### Required action
For any picture in the lines below, please leave it out and copy the rest exactly.

### Material provided
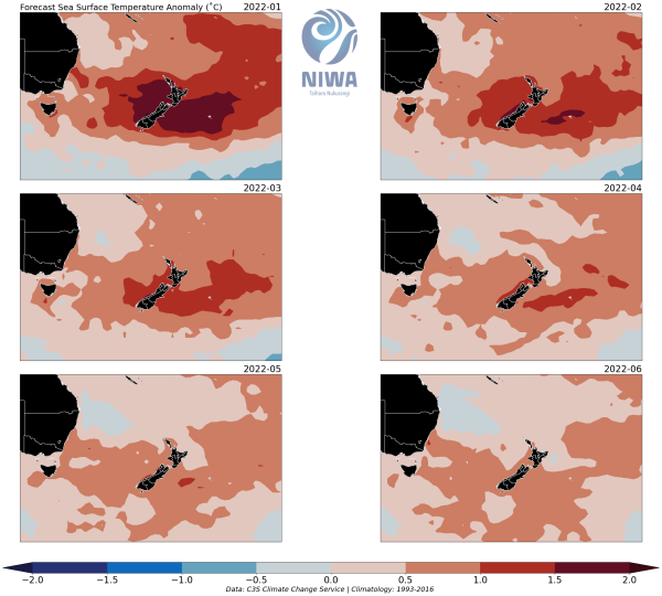 Disclaimer: The forecasts offered in this page draw upon modified Copernicus Climate Change Service Information [2022](C3S, https://climate.Copernicus.eu). There is inherent uncertainty in forecasting sea surface temperature and neither NIWA nor the licensors of the C3S products (being the European Union represented by the European Centre for Medium-Range Weather Forecasts) make any representations or warranties as to the information and figures on this page. Neither NIWA nor the licensor of the Copernicus products accept any liability for any loss or damage incurred by anyone from use or reliance on the information or figures.
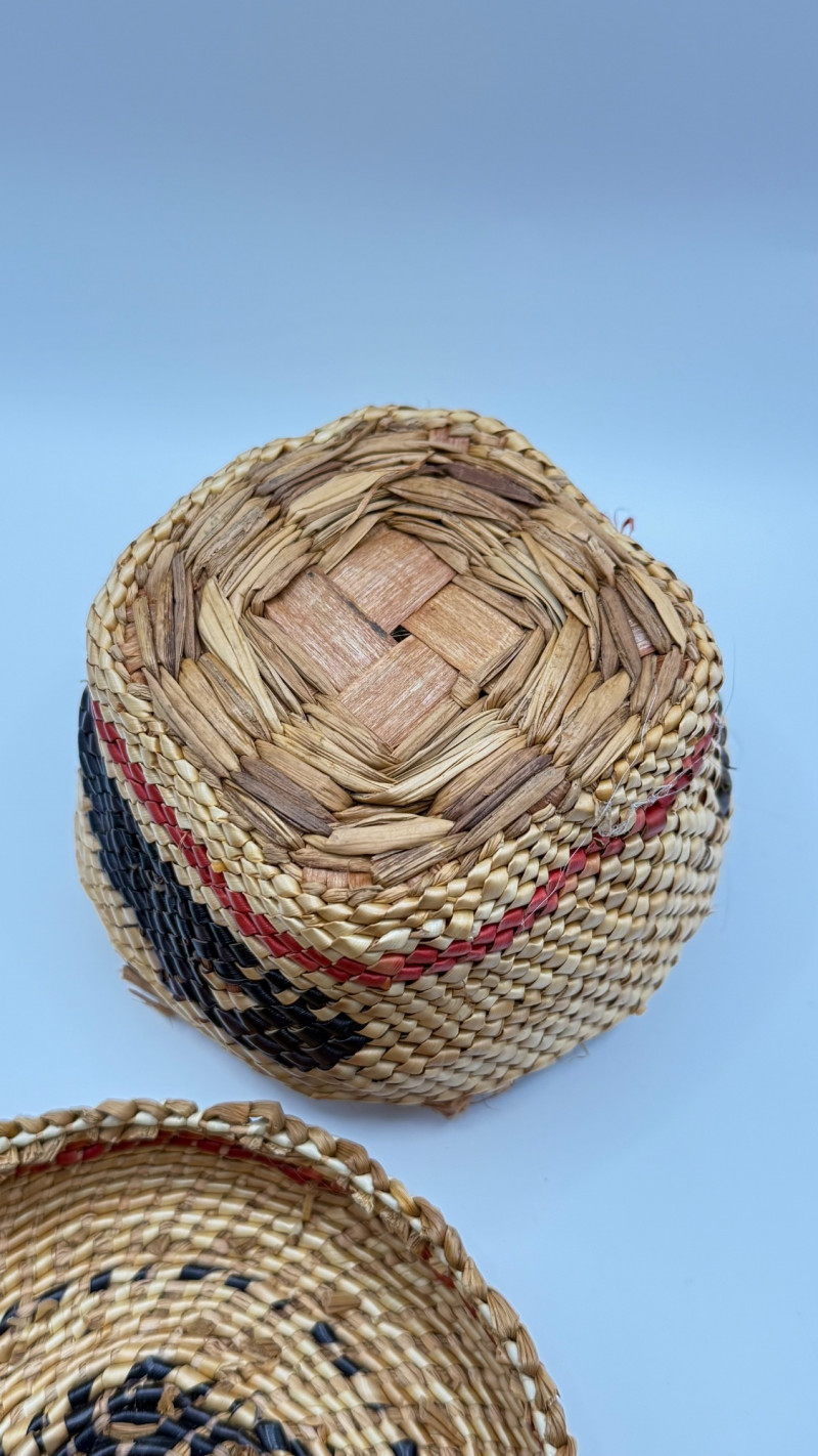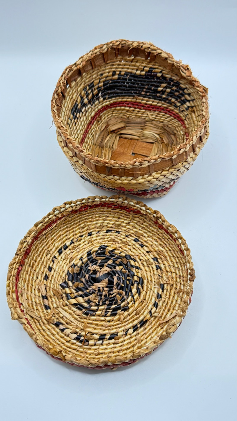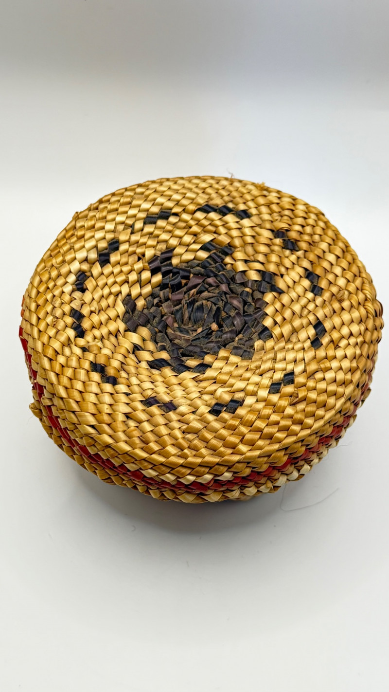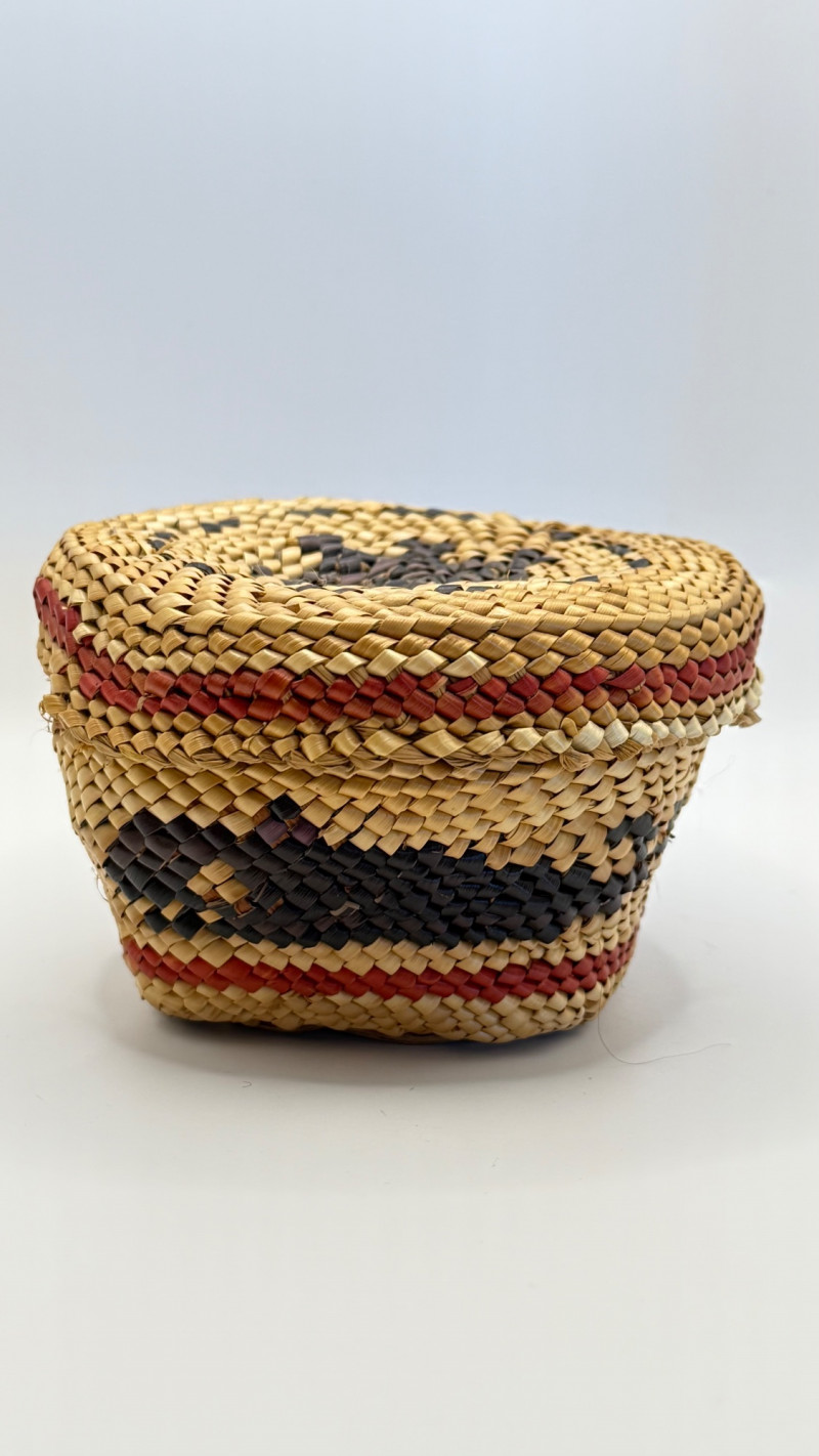 This is a hand‑woven Makah basket made from split Western red cedar with cedar bark and dyed weft elements. The Makah Tribe (Neah Bay, Washington) is renowned for its finely woven cedar baskets, often incorporating geometric patterns and tight, durable stitching. This basket is signed “L. Jones”, which corresponds to a known family name among Makah weavers.
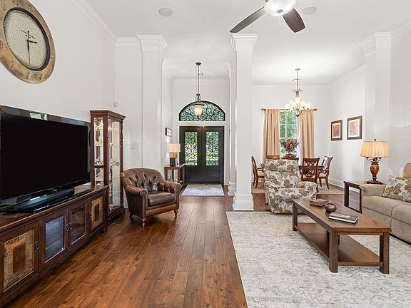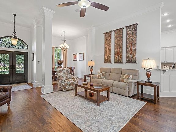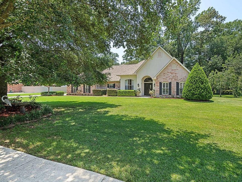 Nestled on a spacious 150 x 200 lot, this property boasts a picturesque park-like setting with 11 beautiful oak trees. Inside, extensive updates completed in 2020 include engineered wood flooring, custom iron doors, modern tiled bathrooms and a kitchen that features new countertops, backsplash and appliances. The primary bathroom updates include a custom tiled shower, freestanding tub, updated countertops and lighting. Brand new water heater. The outside fire pit is perfect for gathering under the beautiful live oaks. This home offers many extras, including rear yard access with a boat pad, a 20kw generator, gutters, 12 x 20 shed with loft and electricity and a polymer coated garage. Dominion Subdivision offers community pool, playground and a beautiful pond entrance.
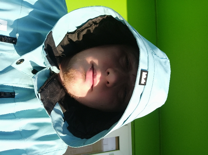 A male individual is depicted in a close-up portrait, facing the camera, outdoors in Кондратово, Russia. He wears a light blue hooded jacket with a black inner lining; the hood is raised, partially shadowing his upper face. A black rectangular patch bearing a white stylized mountain or crown logo is visible on the hood. The individual has light stubble on his chin and jawline. The background features a prominent bright lime-green wall or surface on the left and upper sections. To the right, a white building element and a window with horizontal blinds are discernible. Sunlight illuminates the subject primarily from the right, casting subtle shadows on the left side of his face and jacket.
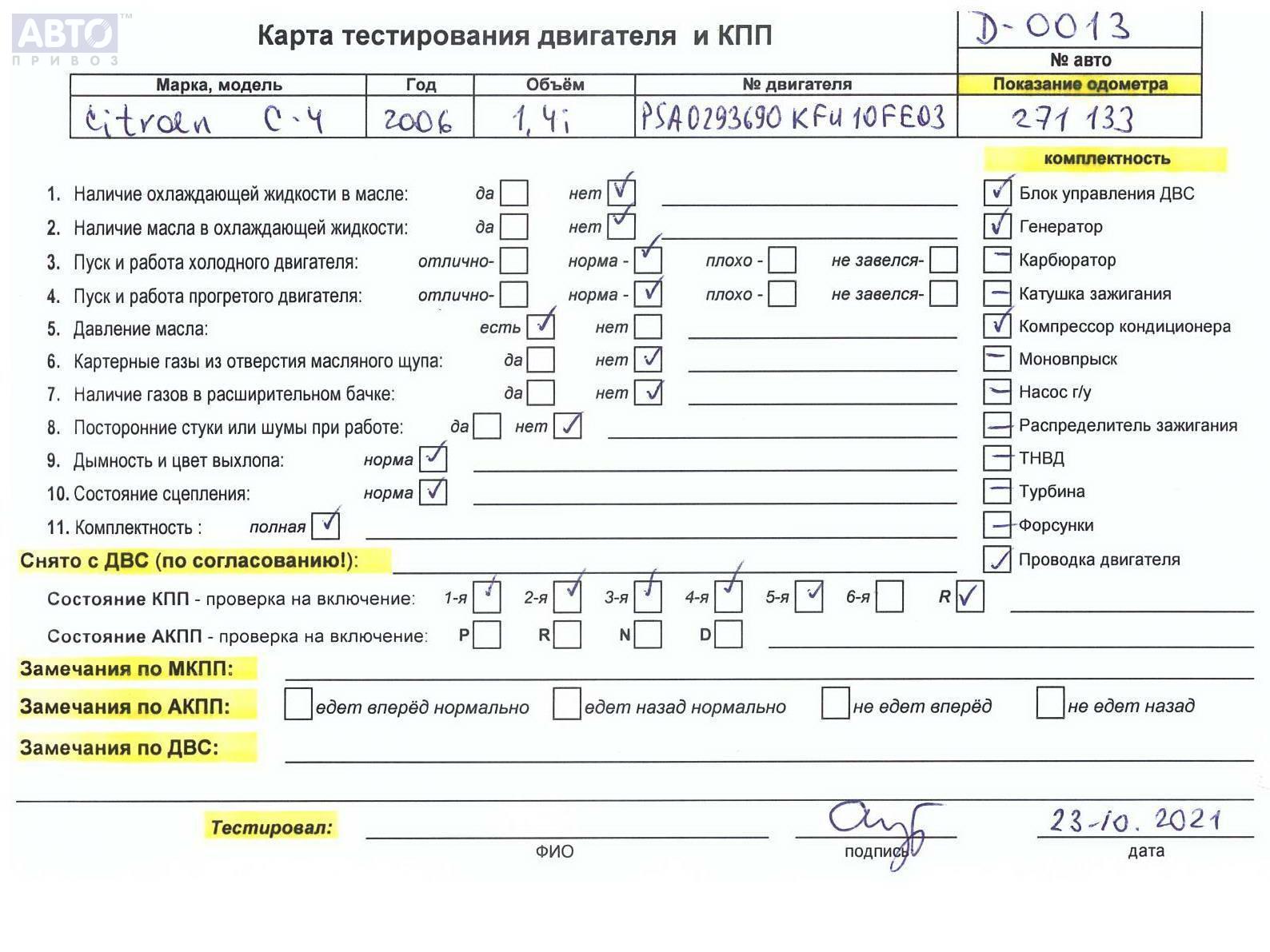 | Марка / Модель / Год: | Citroen C4 (2004-2010) 2006 |

### Exercise result
 Disclaimer: The forecasts offered in this page draw upon modified Copernicus Climate Change Service Information [2022](C3S, https://climate.Copernicus.eu). There is inherent uncertainty in forecasting sea surface temperature and neither NIWA nor the licensors of the C3S products (being the European Union represented by the European Centre for Medium-Range Weather Forecasts) make any representations or warranties as to the information and figures on this page. Neither NIWA nor the licensor of the Copernicus products accept any liability for any loss or damage incurred by anyone from use or reliance on the information or figures.
 This is a hand‑woven Makah basket made from split Western red cedar with cedar bark and dyed weft elements. The Makah Tribe (Neah Bay, Washington) is renowned for its finely woven cedar baskets, often incorporating geometric patterns and tight, durable stitching. This basket is signed “L. Jones”, which corresponds to a known family name among Makah weavers.
 Nestled on a spacious 150 x 200 lot, this property boasts a picturesque park-like setting with 11 beautiful oak trees. Inside, extensive updates completed in 2020 include engineered wood flooring, custom iron doors, modern tiled bathrooms and a kitchen that features new countertops, backsplash and appliances. The primary bathroom updates include a custom tiled shower, freestanding tub, updated countertops and lighting. Brand new water heater. The outside fire pit is perfect for gathering under the beautiful live oaks. This home offers many extras, including rear yard access with a boat pad, a 20kw generator, gutters, 12 x 20 shed with loft and electricity and a polymer coated garage. Dominion Subdivision offers community pool, playground and a beautiful pond entrance.
 A male individual is depicted in a close-up portrait, facing the camera, outdoors in Кондратово, Russia. He wears a light blue hooded jacket with a black inner lining; the hood is raised, partially shadowing his upper face. A black rectangular patch bearing a white stylized mountain or crown logo is visible on the hood. The individual has light stubble on his chin and jawline. The background features a prominent bright lime-green wall or surface on the left and upper sections. To the right, a white building element and a window with horizontal blinds are discernible. Sunlight illuminates the subject primarily from the right, casting subtle shadows on the left side of his face and jacket.
 | Марка / Модель / Год: | Citroen C4 (2004-2010) 2006 |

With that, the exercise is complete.